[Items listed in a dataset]
________________________
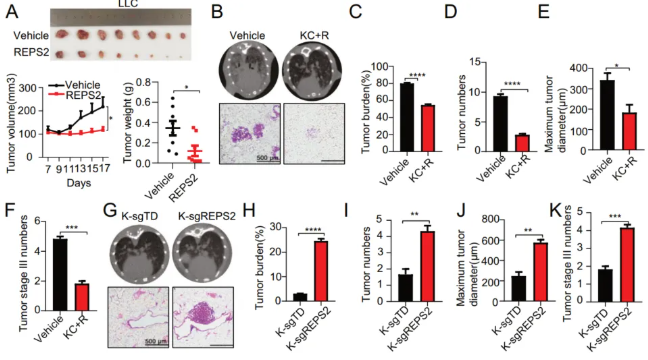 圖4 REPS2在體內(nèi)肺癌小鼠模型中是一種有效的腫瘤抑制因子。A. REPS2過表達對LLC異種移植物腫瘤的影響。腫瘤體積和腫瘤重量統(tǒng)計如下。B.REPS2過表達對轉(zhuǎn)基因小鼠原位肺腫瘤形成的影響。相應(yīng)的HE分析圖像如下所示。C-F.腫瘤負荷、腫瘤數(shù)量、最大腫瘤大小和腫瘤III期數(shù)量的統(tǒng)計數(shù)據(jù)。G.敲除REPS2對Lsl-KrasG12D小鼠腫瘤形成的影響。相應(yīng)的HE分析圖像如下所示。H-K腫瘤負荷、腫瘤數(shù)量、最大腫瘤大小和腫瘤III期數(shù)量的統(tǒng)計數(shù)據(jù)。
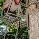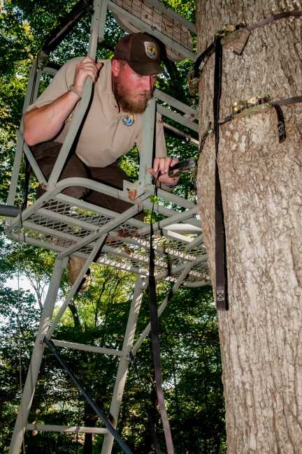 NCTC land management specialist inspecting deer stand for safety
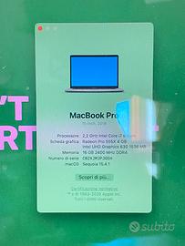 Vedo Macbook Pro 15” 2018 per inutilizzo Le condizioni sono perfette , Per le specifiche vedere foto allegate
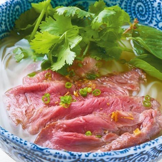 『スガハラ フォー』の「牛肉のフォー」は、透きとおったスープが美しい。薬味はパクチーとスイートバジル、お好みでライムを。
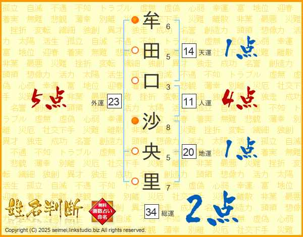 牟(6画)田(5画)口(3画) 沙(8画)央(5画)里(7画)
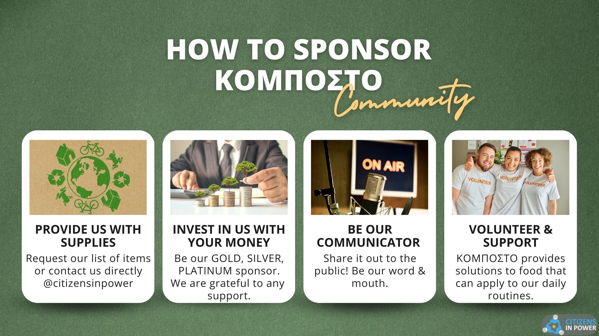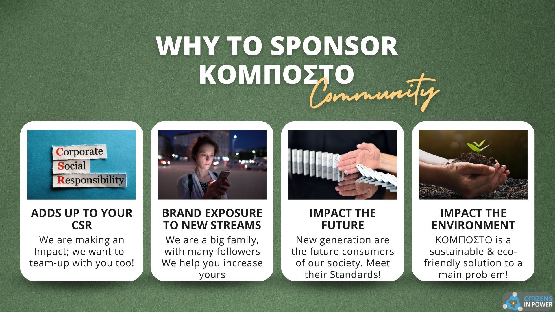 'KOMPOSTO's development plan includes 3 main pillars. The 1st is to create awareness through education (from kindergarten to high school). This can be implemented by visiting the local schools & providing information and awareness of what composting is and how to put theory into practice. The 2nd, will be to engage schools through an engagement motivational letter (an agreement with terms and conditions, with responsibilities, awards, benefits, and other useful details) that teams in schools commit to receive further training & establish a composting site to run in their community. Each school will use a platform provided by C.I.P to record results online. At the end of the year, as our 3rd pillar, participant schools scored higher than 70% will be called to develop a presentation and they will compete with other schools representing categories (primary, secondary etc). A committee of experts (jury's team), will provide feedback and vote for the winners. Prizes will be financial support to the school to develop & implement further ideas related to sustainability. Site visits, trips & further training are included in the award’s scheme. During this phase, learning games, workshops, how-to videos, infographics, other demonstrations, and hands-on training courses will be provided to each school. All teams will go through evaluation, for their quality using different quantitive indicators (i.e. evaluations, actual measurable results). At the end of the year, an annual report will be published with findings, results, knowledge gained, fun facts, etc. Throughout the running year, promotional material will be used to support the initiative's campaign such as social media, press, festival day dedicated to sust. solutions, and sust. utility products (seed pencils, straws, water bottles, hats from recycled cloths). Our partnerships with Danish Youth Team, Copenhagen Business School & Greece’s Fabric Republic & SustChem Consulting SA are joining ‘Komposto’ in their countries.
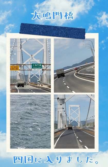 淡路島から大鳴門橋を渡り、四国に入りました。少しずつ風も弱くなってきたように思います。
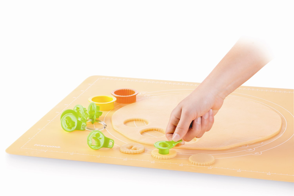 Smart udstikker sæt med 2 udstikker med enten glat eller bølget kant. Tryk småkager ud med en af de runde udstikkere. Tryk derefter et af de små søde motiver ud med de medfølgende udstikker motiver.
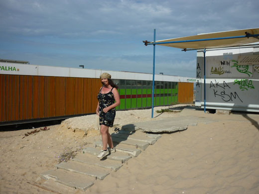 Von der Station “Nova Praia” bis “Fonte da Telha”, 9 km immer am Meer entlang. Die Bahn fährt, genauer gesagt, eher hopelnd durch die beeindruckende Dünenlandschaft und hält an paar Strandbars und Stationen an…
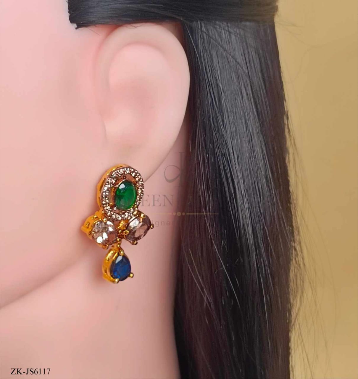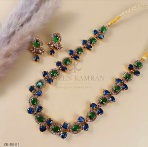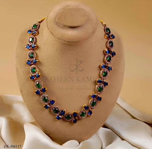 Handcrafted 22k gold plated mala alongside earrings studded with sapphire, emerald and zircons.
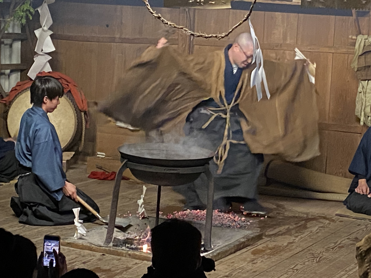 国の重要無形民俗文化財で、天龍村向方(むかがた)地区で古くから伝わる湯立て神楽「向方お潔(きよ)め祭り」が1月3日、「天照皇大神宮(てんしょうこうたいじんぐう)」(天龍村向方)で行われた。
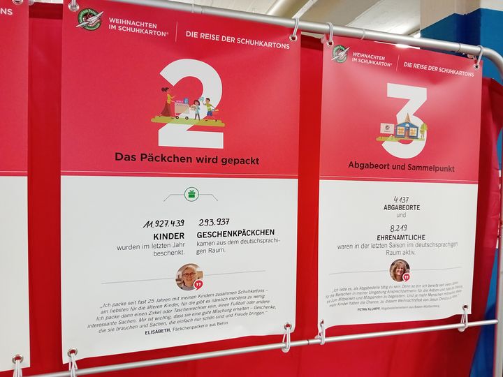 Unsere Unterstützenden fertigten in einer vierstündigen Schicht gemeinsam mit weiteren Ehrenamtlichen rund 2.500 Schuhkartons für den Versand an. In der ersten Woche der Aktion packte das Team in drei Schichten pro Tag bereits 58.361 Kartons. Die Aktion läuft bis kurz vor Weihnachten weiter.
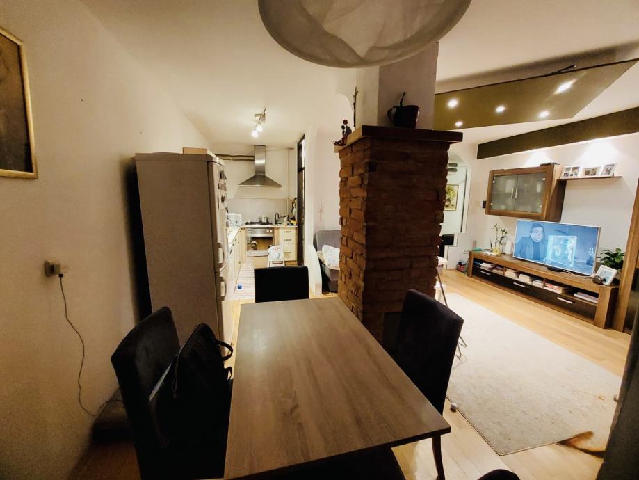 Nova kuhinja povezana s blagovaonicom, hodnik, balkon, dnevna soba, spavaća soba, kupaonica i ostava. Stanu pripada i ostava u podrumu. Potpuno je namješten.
________________________
• TASK TO COMPLETE:
Could you write out the records exactly while omitting every picture?

• ANSWER TO THIS TASK:
 圖4 REPS2在體內(nèi)肺癌小鼠模型中是一種有效的腫瘤抑制因子。A. REPS2過表達對LLC異種移植物腫瘤的影響。腫瘤體積和腫瘤重量統(tǒng)計如下。B.REPS2過表達對轉(zhuǎn)基因小鼠原位肺腫瘤形成的影響。相應(yīng)的HE分析圖像如下所示。C-F.腫瘤負荷、腫瘤數(shù)量、最大腫瘤大小和腫瘤III期數(shù)量的統(tǒng)計數(shù)據(jù)。G.敲除REPS2對Lsl-KrasG12D小鼠腫瘤形成的影響。相應(yīng)的HE分析圖像如下所示。H-K腫瘤負荷、腫瘤數(shù)量、最大腫瘤大小和腫瘤III期數(shù)量的統(tǒng)計數(shù)據(jù)。
 NCTC land management specialist inspecting deer stand for safety
 Vedo Macbook Pro 15” 2018 per inutilizzo Le condizioni sono perfette , Per le specifiche vedere foto allegate
 『スガハラ フォー』の「牛肉のフォー」は、透きとおったスープが美しい。薬味はパクチーとスイートバジル、お好みでライムを。
 牟(6画)田(5画)口(3画) 沙(8画)央(5画)里(7画)
 'KOMPOSTO's development plan includes 3 main pillars. The 1st is to create awareness through education (from kindergarten to high school). This can be implemented by visiting the local schools & providing information and awareness of what composting is and how to put theory into practice. The 2nd, will be to engage schools through an engagement motivational letter (an agreement with terms and conditions, with responsibilities, awards, benefits, and other useful details) that teams in schools commit to receive further training & establish a composting site to run in their community. Each school will use a platform provided by C.I.P to record results online. At the end of the year, as our 3rd pillar, participant schools scored higher than 70% will be called to develop a presentation and they will compete with other schools representing categories (primary, secondary etc). A committee of experts (jury's team), will provide feedback and vote for the winners. Prizes will be financial support to the school to develop & implement further ideas related to sustainability. Site visits, trips & further training are included in the award’s scheme. During this phase, learning games, workshops, how-to videos, infographics, other demonstrations, and hands-on training courses will be provided to each school. All teams will go through evaluation, for their quality using different quantitive indicators (i.e. evaluations, actual measurable results). At the end of the year, an annual report will be published with findings, results, knowledge gained, fun facts, etc. Throughout the running year, promotional material will be used to support the initiative's campaign such as social media, press, festival day dedicated to sust. solutions, and sust. utility products (seed pencils, straws, water bottles, hats from recycled cloths). Our partnerships with Danish Youth Team, Copenhagen Business School & Greece’s Fabric Republic & SustChem Consulting SA are joining ‘Komposto’ in their countries.
 淡路島から大鳴門橋を渡り、四国に入りました。少しずつ風も弱くなってきたように思います。
 Smart udstikker sæt med 2 udstikker med enten glat eller bølget kant. Tryk småkager ud med en af de runde udstikkere. Tryk derefter et af de små søde motiver ud med de medfølgende udstikker motiver.
 Von der Station “Nova Praia” bis “Fonte da Telha”, 9 km immer am Meer entlang. Die Bahn fährt, genauer gesagt, eher hopelnd durch die beeindruckende Dünenlandschaft und hält an paar Strandbars und Stationen an…
 Handcrafted 22k gold plated mala alongside earrings studded with sapphire, emerald and zircons.
 国の重要無形民俗文化財で、天龍村向方(むかがた)地区で古くから伝わる湯立て神楽「向方お潔(きよ)め祭り」が1月3日、「天照皇大神宮(てんしょうこうたいじんぐう)」(天龍村向方)で行われた。
 Unsere Unterstützenden fertigten in einer vierstündigen Schicht gemeinsam mit weiteren Ehrenamtlichen rund 2.500 Schuhkartons für den Versand an. In der ersten Woche der Aktion packte das Team in drei Schichten pro Tag bereits 58.361 Kartons. Die Aktion läuft bis kurz vor Weihnachten weiter.
 Nova kuhinja povezana s blagovaonicom, hodnik, balkon, dnevna soba, spavaća soba, kupaonica i ostava. Stanu pripada i ostava u podrumu. Potpuno je namješten.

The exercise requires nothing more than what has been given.